From the data that follows, set down exactly the lines from the one with "An unmistakable nod" through the one with "Bandeja negra para", counting both. Pictures stay out.
== Segment start ==
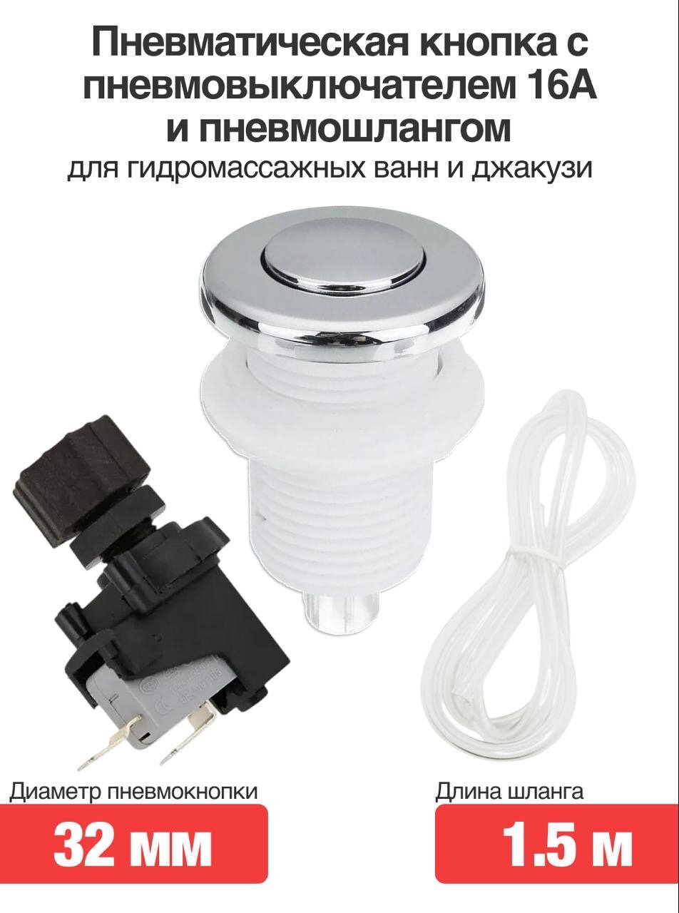Пневмокнопка D32 мм с пневмошлангом и выключателем 16А для гидромассажных ванн и джакузи информация:
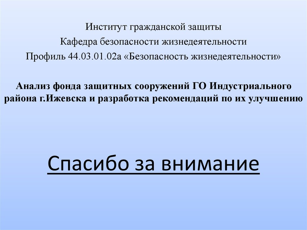 Анализ фонда защитных сооружений ГО Индустриального района г. Ижевска и разработка рекомендаций по их улучшению
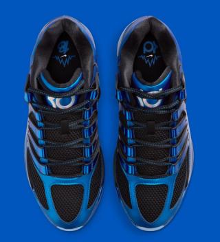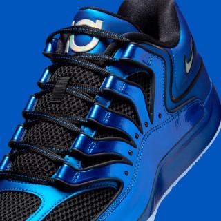 An unmistakable nod to the original Air Foamposite One, this pair echoes the iconic “Royal” colorway through its vibrant metallic blue finish. Glossy molded overlays hug the black mesh base, adding structure and shine, while giving the KD 18 a similar futuristic edge that made the Foamposite a legend. Branding details include a large KD emblem on the tongue and a reflective silver Swoosh on the heel panel.
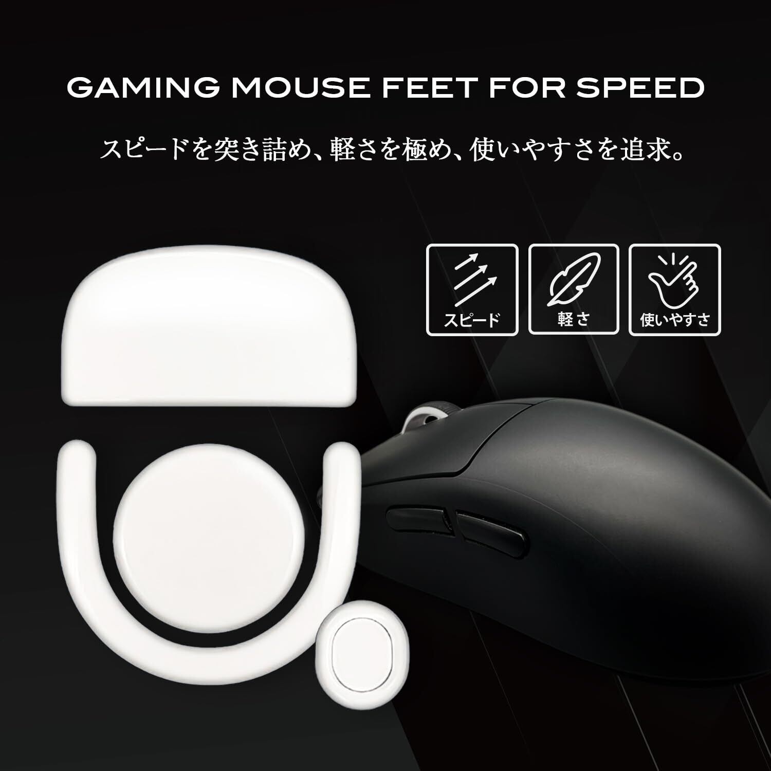 耐摩耗性に優れたSURUGAのPTFE素材を使用しており、長時間の使用でも摩耗しにくく、パフォーマンスの低下を防ぎます。軽量設計で、マウスの動きがよりスムーズになることを実感できるでしょう。
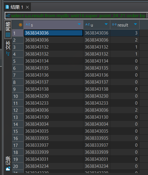 s和u都是我表的tag标签,使用工具查询出来的标签列展示出来的是个很奇怪的数字,但是使用客户端查询出来的展示 是对的 这个工具展示出来的是个什么东西 如何展示和客户端一样的效果呢
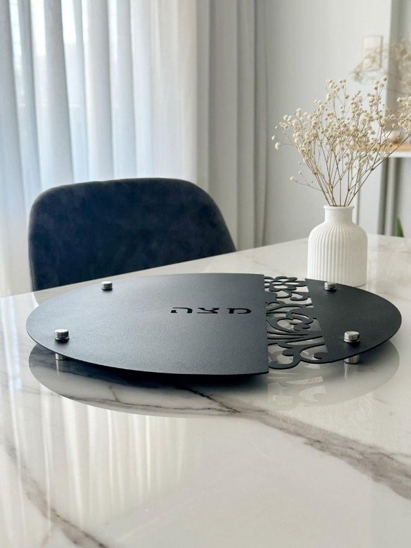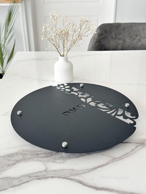 Bandeja negra para Matza redonda. Con patas en acero inoxidable y calado glam floral “Matza” en hebreo. Metal color negro.
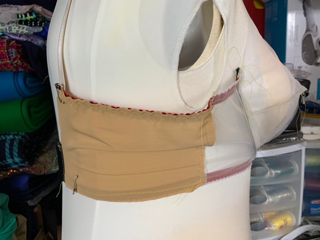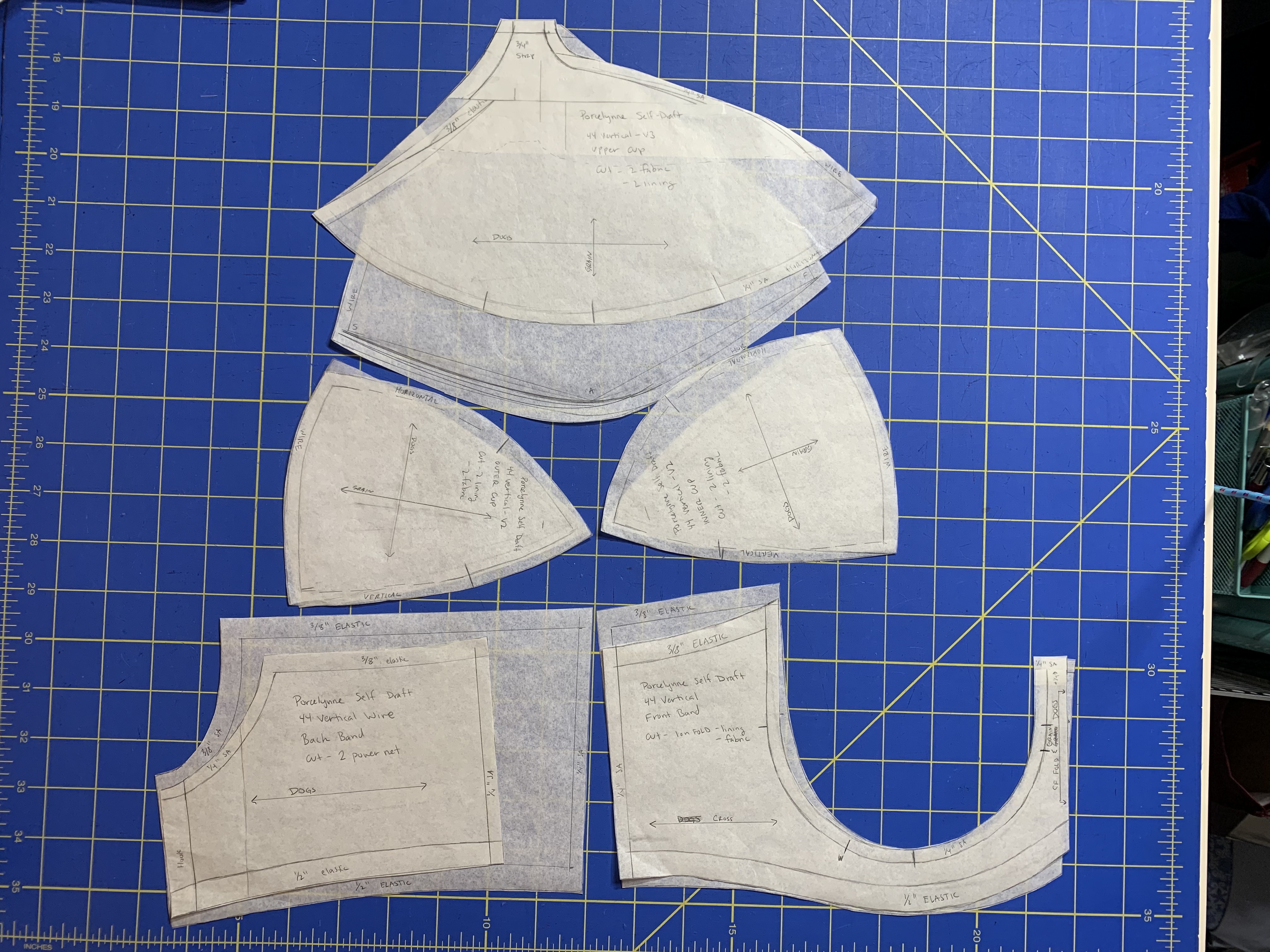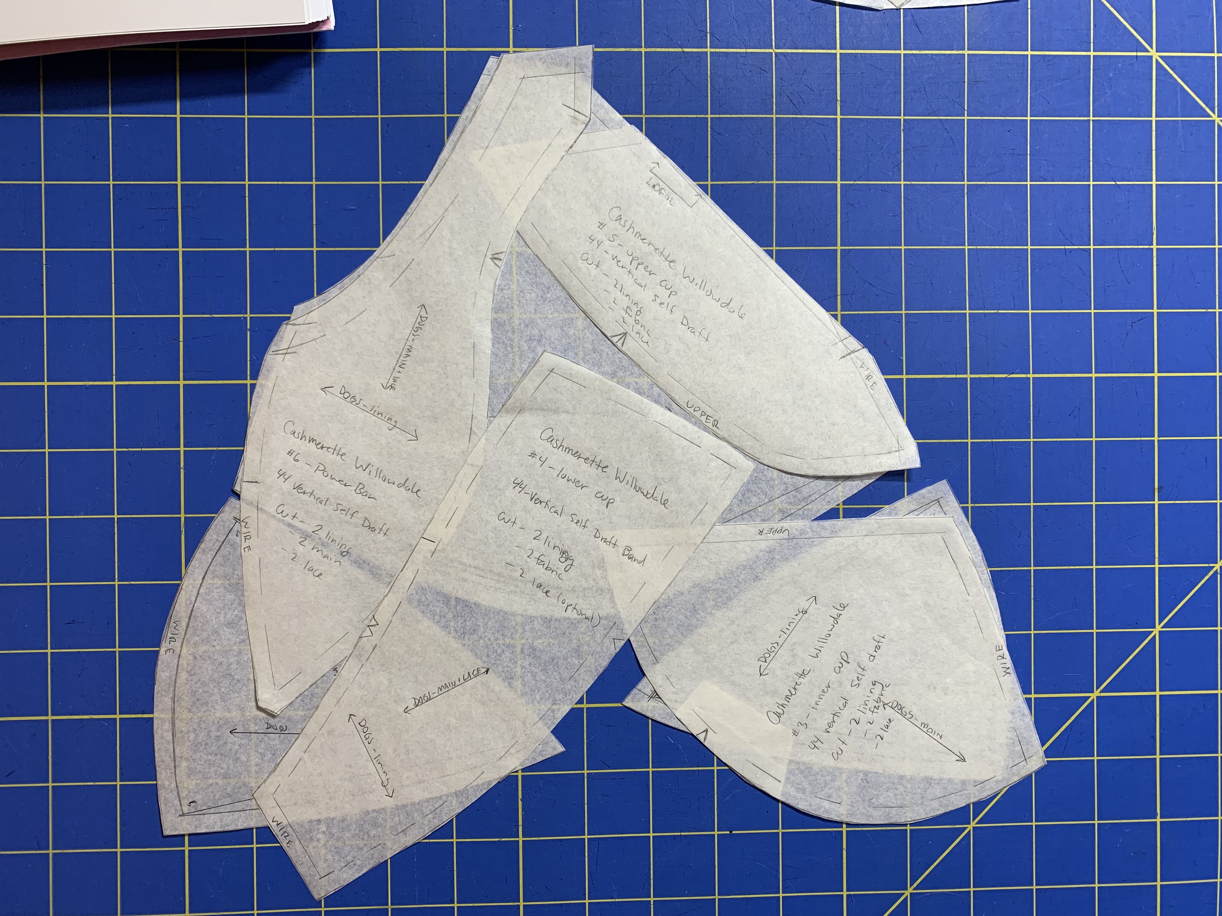 I was pretty happy with the fit of the first band for the 38 Vertical Long wire that I did using the Porcelynne “Bare Essentials” pattern drafting book and the calculator on Procalynne’s website, so I was pretty sure repeating the process for the regular 44 Vertical wire would work just as well. I was a bit stumped with how to manage the cup issue, but I thought about how the omega adjustment worked on other patterns with multiple sizes, and I realized I needed to lengthen the cup pieces to add projection. So I measured the paper cups against a Willowdale cup and found that the pattern was roughly an inch short all the way around. I added this inch to the bottom cup pieces by basically tracing the wire line, scooting the tracing paper up and inch, and then connecting the critical pattern points. I wasn’t quite sure how to adjust the top cup piece, so I basically made a sample, then pinned some scrap fabric on top and drew on it to see how to adjust the pattern to fit.
== Segment end ==
** Task result **
 An unmistakable nod to the original Air Foamposite One, this pair echoes the iconic “Royal” colorway through its vibrant metallic blue finish. Glossy molded overlays hug the black mesh base, adding structure and shine, while giving the KD 18 a similar futuristic edge that made the Foamposite a legend. Branding details include a large KD emblem on the tongue and a reflective silver Swoosh on the heel panel.
 耐摩耗性に優れたSURUGAのPTFE素材を使用しており、長時間の使用でも摩耗しにくく、パフォーマンスの低下を防ぎます。軽量設計で、マウスの動きがよりスムーズになることを実感できるでしょう。
 s和u都是我表的tag标签,使用工具查询出来的标签列展示出来的是个很奇怪的数字,但是使用客户端查询出来的展示 是对的 这个工具展示出来的是个什么东西 如何展示和客户端一样的效果呢
 Bandeja negra para Matza redonda. Con patas en acero inoxidable y calado glam floral “Matza” en hebreo. Metal color negro.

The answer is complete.